Unity/Windows Forms Focusing Issue

I’ve been working on an Editor Extension that will let people run the NUnit gui application from inside Unity so that it can be used to run unit tests on all of a person’s scripts. After some tweaking to the NUnit source code, I’ve pretty much pulled it off, but there’s one quirk I would like to try and fix:

The problem is that NUnit gui is a windows forms application, and when I create it, Unity seems to consider it an external application, so switching focus to NUnit gui steals focus from Unity and my EditorApplication.update() functions are no longer called until I switch focus from NUnit gui back to Unity. This is a problem for me because the part of the logic that actually runs the unit tests needs to be run from the main Unity thread in order for non-thread safe function calls like Resources.Load() to work correctly. I already figured out how to implement communication between the threads, but if my Unity update() functions are never called when NUnit gui has focus then I have to manually switch focus between them to get Unity to run the tests, then switch back to NUnit gui to see the results, which is annoying, especially if switching focus to Unity causes my NUnit gui to disappear behind the Unity editor window.

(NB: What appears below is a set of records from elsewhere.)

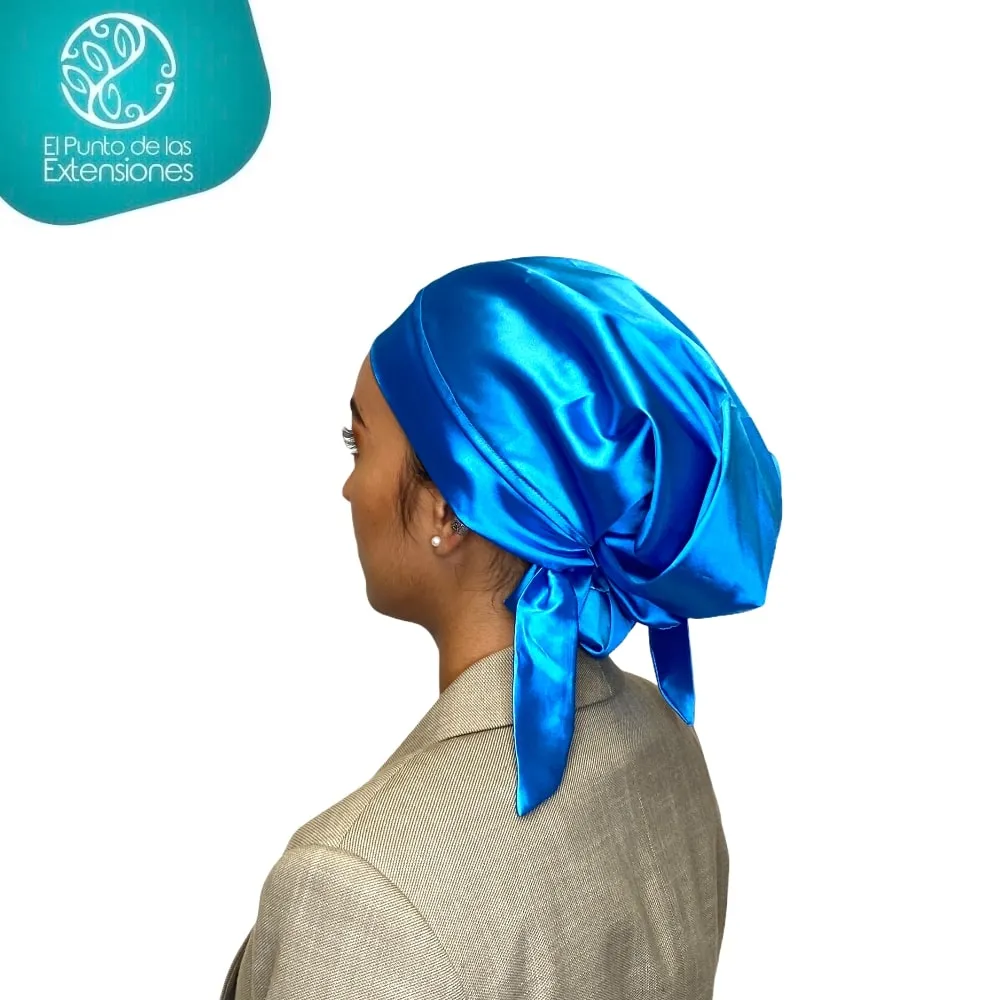Desliza tu cabello dentro de la funda de manera que el tejido suave en satén sea el que queda en contacto con el cabello y ajusta con un nudo en la parte inferior o superior de la cabeza según desees.
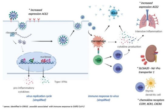 Genes identified in genome association studies (GWASs), possibly related to the immune response to SARS-CoV-2. (Adapted from “Coronavirus Replication Cycle”, by BioRender.com (2020). Retrieved from https://app.biorender.com/biorender-templates).
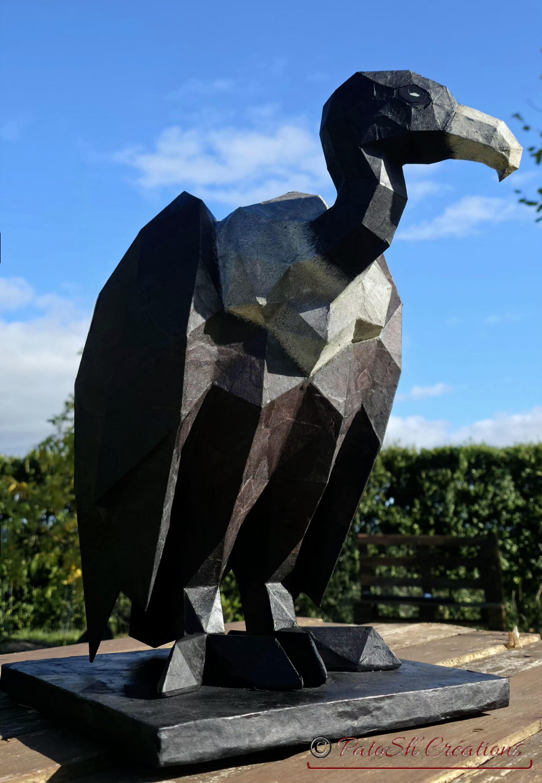 Sculpture en papier cartonné sur socle en bois et carton – dimension : l=28cm / L=46cm / H=32cm
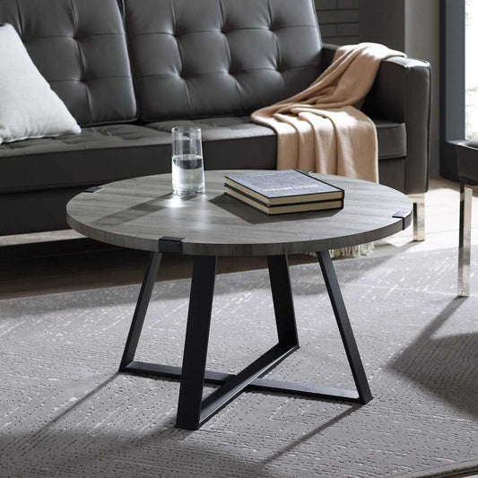 Faux Wrap Leg Urban Industrial Round Coffee Table - Slate Gray/Black
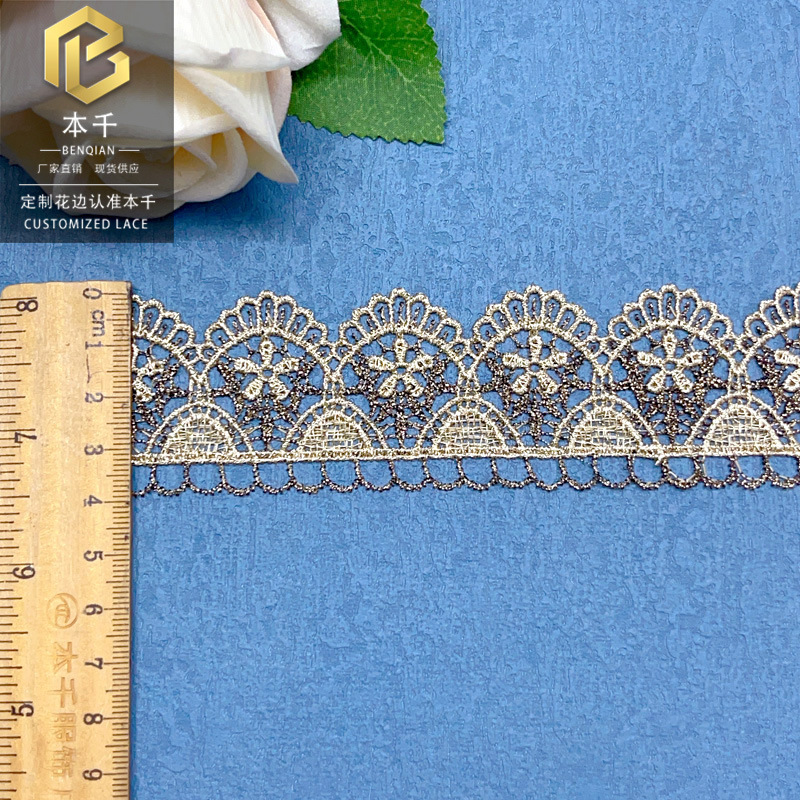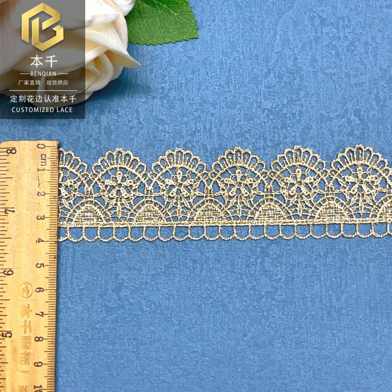 다채로운 레이스 자수 수용성 레이스 골드 실 2 색 아동복 보석 DIY 로리타 액세서리 4cm 일방적 바코드
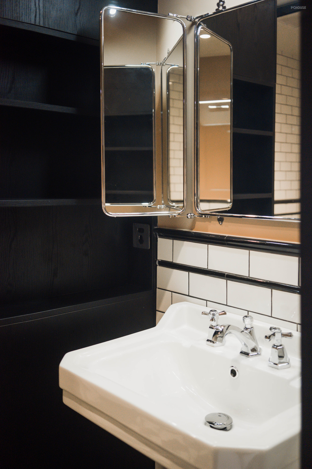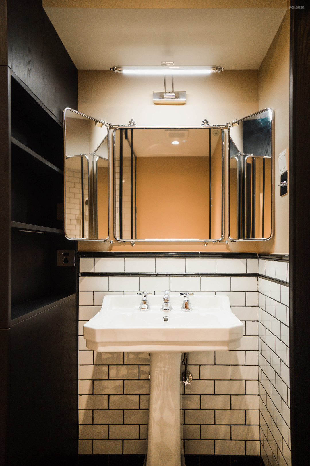 满满复古感的洗手池区域!台盆是落地式,镜子是可以开合的~
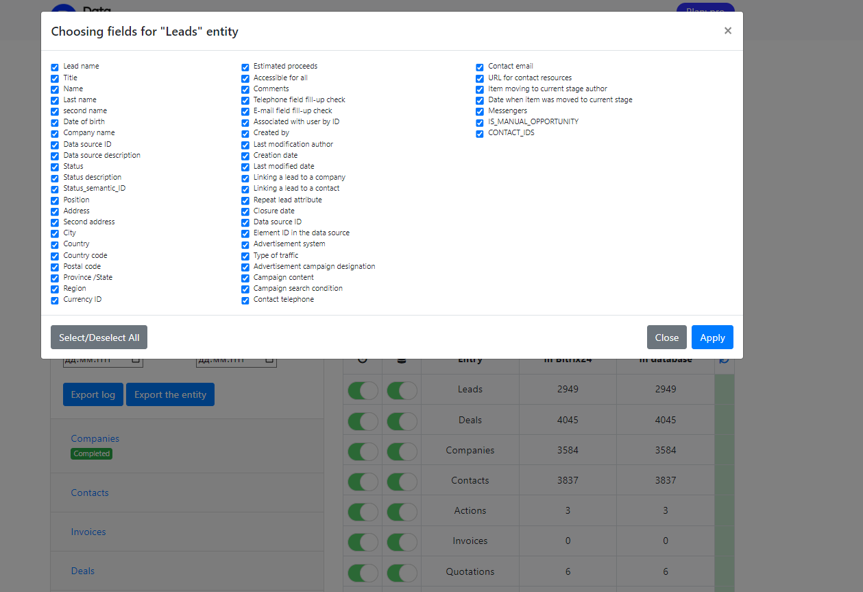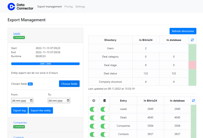 Inicialmente, o aplicativo precisa ser instalado na conta Bitrix24 e ser conectado a um banco de dados externo (MySQL). Após isso, o Data Connector começa a exportar todas as entidades selecionadas e campos necessários para a nuvem, atualizando-os em tempo real ou diariamente no horário definido. O usuário, tendo acesso total ao banco de dados analítico, se conecta a ele e trabalha com os dados de forma independente. Nosso serviço resolve a tarefa mais importante - exportar dados do sistema CRM.

The ideal solution would be to have NUnit gui somehow recognized as a child window of the Unity editor (I’m skeptical about whether or not this is even possible). At the very least I would like to try and find a way to swap focus between them automatically, so that Unity gets focus immediately when you decide to run tests, and focus switches back after the test run is complete. Anyone have any ideas?

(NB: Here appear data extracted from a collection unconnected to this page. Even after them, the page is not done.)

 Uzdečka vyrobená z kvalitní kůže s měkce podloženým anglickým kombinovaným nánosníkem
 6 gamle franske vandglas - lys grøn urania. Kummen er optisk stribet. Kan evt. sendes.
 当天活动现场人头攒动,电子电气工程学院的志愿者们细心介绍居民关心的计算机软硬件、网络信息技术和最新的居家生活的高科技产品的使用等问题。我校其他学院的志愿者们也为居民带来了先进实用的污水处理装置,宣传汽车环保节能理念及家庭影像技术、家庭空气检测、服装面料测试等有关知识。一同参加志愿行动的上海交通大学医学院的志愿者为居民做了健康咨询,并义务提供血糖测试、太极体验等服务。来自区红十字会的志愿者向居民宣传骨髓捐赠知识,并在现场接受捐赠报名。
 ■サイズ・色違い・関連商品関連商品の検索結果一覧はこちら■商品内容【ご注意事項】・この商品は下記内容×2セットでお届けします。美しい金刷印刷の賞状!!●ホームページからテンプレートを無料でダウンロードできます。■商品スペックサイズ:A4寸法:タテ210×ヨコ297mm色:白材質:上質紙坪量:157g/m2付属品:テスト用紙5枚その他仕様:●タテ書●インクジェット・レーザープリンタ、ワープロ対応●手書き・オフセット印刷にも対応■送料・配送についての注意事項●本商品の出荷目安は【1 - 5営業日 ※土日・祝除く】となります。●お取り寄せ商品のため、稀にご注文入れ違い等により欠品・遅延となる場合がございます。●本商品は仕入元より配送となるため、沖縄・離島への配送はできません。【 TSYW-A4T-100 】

I actually found the answer to my own question, over dinner I thought about trying to poke Unity by forcing it to go through an update cycle programmaticaly and see if that was possible/would solve my problem. After some searching I found EditorApplication.Step() does the trick, best of all it doesn’t seem to take focus away from NUnit gui and just runs my tests behind the scenes, while NUnit gui gets real-time test results by means of event call-backs to show to the user. I can’t believe this problem had such an easy solution :stuck_out_tongue:

I just found out my solution yesterday was incorrect, since calling EditorApplication.Step from outside the main Unity thread is also illegal. I have no idea why it was working yesterday, from what I understand I should have gotten an exception. Nevertheless I have discovered another equally painless solution, setting: Application.runInBackground = true just before opening my NUnit gui window will cause update functions to continue running even when Unity loses focus. I have noticed however that having this property set to true and making code changes seems to trip up Unity and cause it to freeze when it needs to recompile, so I set the property back to false when my NUnit gui window is closed (can probably set it up to trigger any time NUnit gui loses focus to make it even safer).